The Dual Party: Amplification (A reminder/caution)
When we work with clients, the majority of the clients are expert brands. They are good at something specific – a service or a B2B product delivery of some kind that is niche and special. As such, we demand that they participate in their content creation. We CANNOT do done-for-you marketing services for our ideal client. We are not the expert in their field, we’re experts at AMPLIFYING their expertise. We must have them express their expertise to us so we can craft it into messaging that goes beyond their four walls and into the places where their ideal clients devote attention.
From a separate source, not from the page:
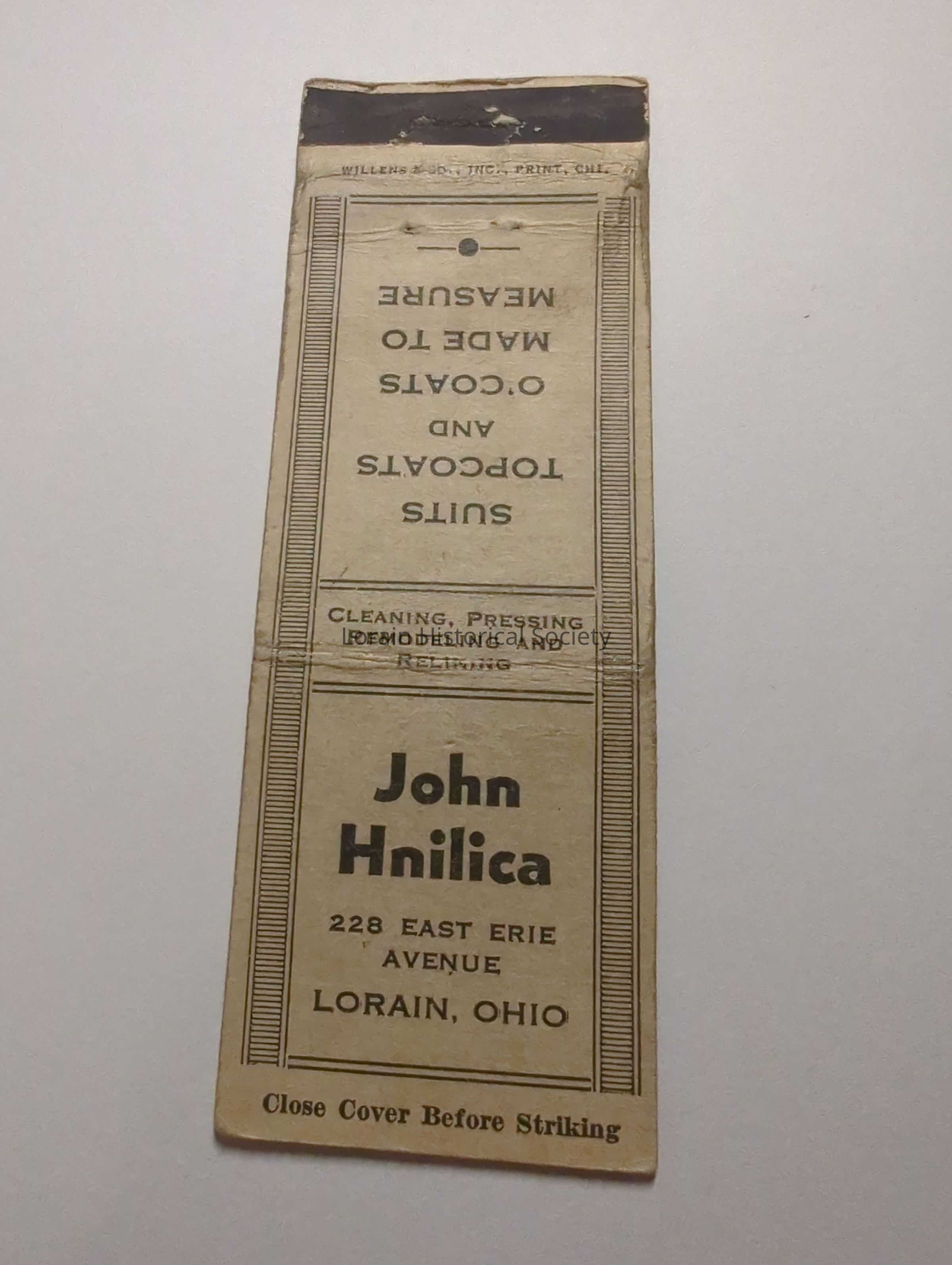 A collection of matchbook covers advertising Lorain, Ohio businesses, social clubs, bars, restaurants, associations from the 1930's through the 1950's.Acquisition

We tried to create content without our clients a few times. We’ve hired researchers to go find content ideas and then we’ve created for our clients in a moment of Done-For-You myopia. While the result got us by for a few weeks it was unsustainable because it was not from the client’s voice and devoid of the nuance they can bring to their version of their expertise. Go talk to two different realtors, or two different estate attorneys, or maybe two different financial planners. You’ll see that while they do the same thing with likely the same promise of similar results for their clients, they have completely different approaches to their work. They are different not by skill, or ability, or know-how or education (though that may be a real difference). From a marketer’s perspective, they are different because they are different humans who will appeal to different subsets of their potential market. They will tell different stories, apply different creativity, and likely see themselves uniquely in ways that create notably different unique selling propositions (USP’s).
It is for that reason that in a dual-party content system, we MUST do this together. Expert has the expertise, the creator/creative AMPLIFIES the Expert. Remember to be careful to honor who the expert is in the equation with demanding they continue to be the expert. Also, remember to honor the amplifier, for they are the expert in amplification.